Джинн горестно молчал – слова Хоттабыча отравляли ему сердце и пьянили разум. Он уже был готов сделать выбор, в пропасть которого его так беззастенчиво толкал коварный эфрит, движимый желанием иметь заступника перед своим покойным тюремщиком, но что-то удерживало его. То ли подсознательное осознание того, что выбор и есть действие и предлагаемая эфтаназия равна самоубийству и является просто одним из его многочисленных способов-путей, то ли простое недоверие к словам плешивого старика, самого уже стоявшего одной ногой там, куда он так сладкоголосо звал Джинна навеки погостить, то ли какая-то неведомая сила, легкое касание которой он чувствовал под кожей, словно бы мурашки по ней шли изнутри – от ласковых пальцев, ищущих за что бы зацепиться…

– Я не оставлю тебя там одного, не бойся, – дружелюбно продолжал Хоттабыч. – Я сам отведу тебя к дверям Всеблагого и Всемогущего и лишь потом уйду навсегда. Скажи мне, что удерживает тебя, чтобы я помог тебе освободиться от пут…
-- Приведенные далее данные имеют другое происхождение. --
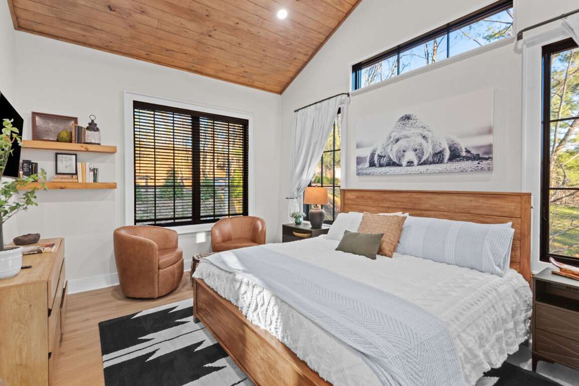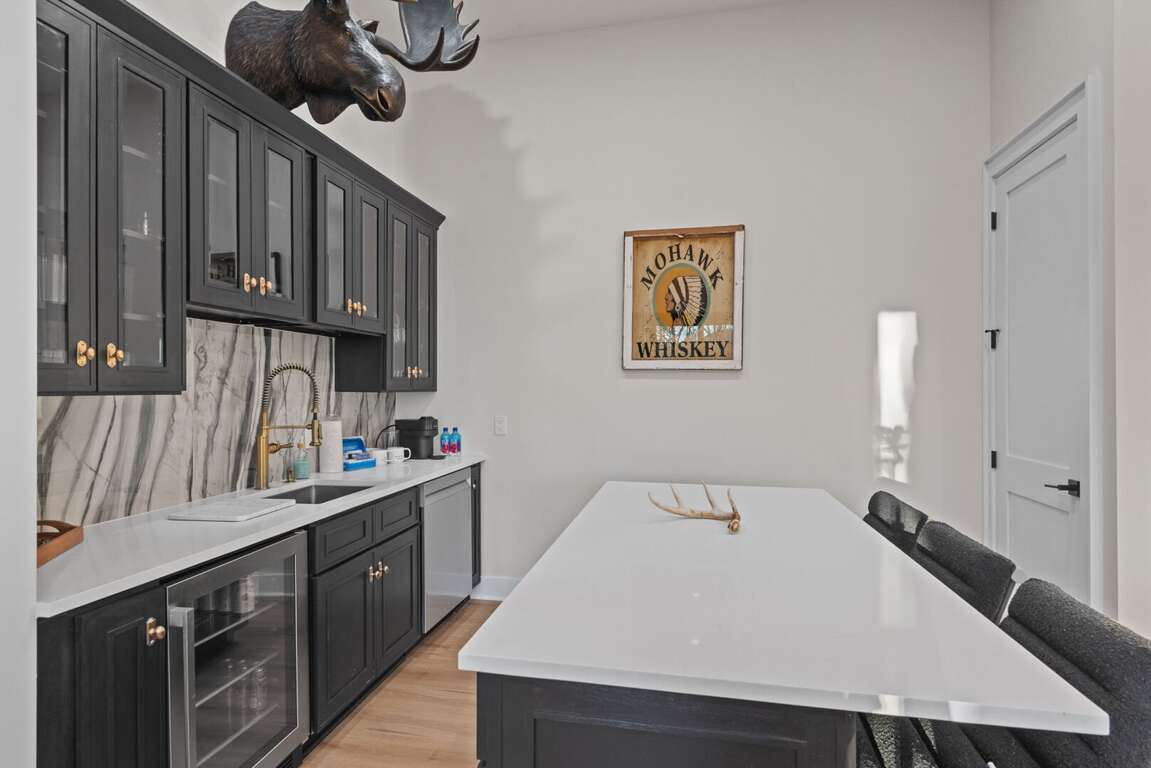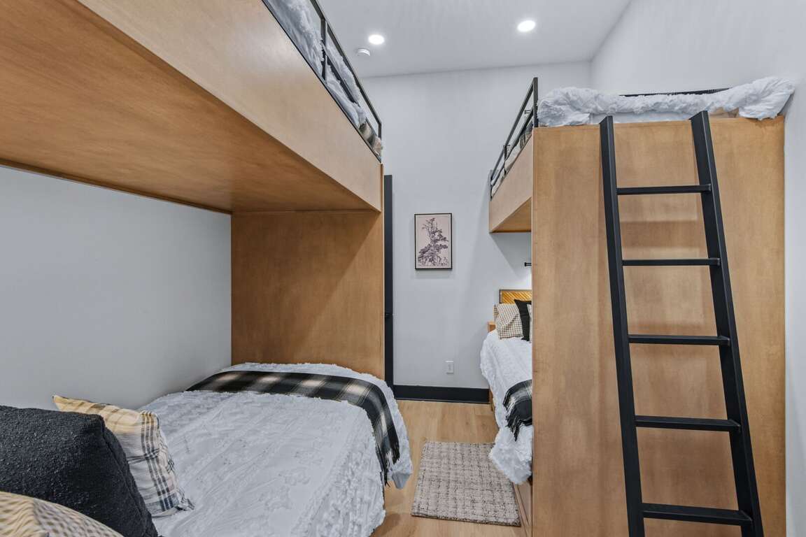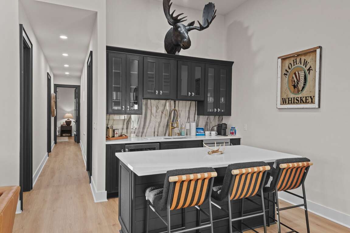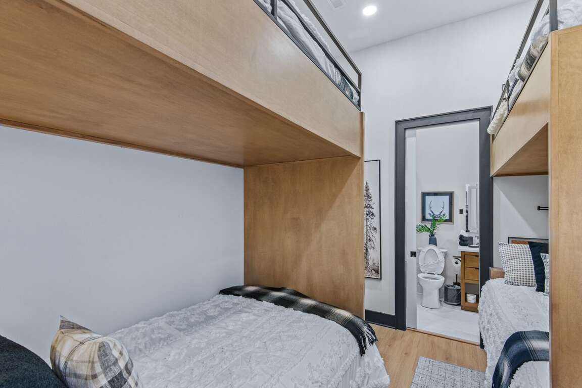 Inside, you’ll find two spacious king suites on the main level (located on the opposite ends of the house for total privacy), each with its own private ensuite bathroom. Also on the main level, guests can work remote in the office which doubles as an additional sleeping space with a pull out queen bed. Downstairs are two additional king suites with ensuite baths, plus a fun bunk room featuring two sets of XL twin bunks and a full bathroom—perfect for kids or extra guests. Each king bedroom is furnished with a flat screen TV. Also downstairs is an additional living area complete with a beautiful wet bar and video game console for kids! Perfect place to cheer on your favorite team or enjoy a family game night. <br />

И тут Джинн, начинавший поддаваться притяжению небытия, вдруг отчетливо услышал за спиной короткую мелодию, которую его компьютер издавал только в одном случае – когда в ICQ входил собеседник, вернее – собеседница, так долгожданная Джинном.

– Хоттабыч, – сказал осторожно Джинн, – я думаю, что ты действительно прав. Но ты не можешь требовать, чтобы человек так ни с того ни с сего взял и умер. Я все-таки, типа, ну, привык, что ли, жить тут, и мне нужно время, чтобы настроиться, привыкнуть к мысли об этой твоей… как ее… – Джинну почему-то не хотелось произносить слово «смерть», – ну, другой жизни. Дай мне немного времени побыть одному.

– Я не могу дать тебе время, – сказал жестко Хоттабыч, – потому что у меня его нет. Решай сразу. И тут Джинна осенило.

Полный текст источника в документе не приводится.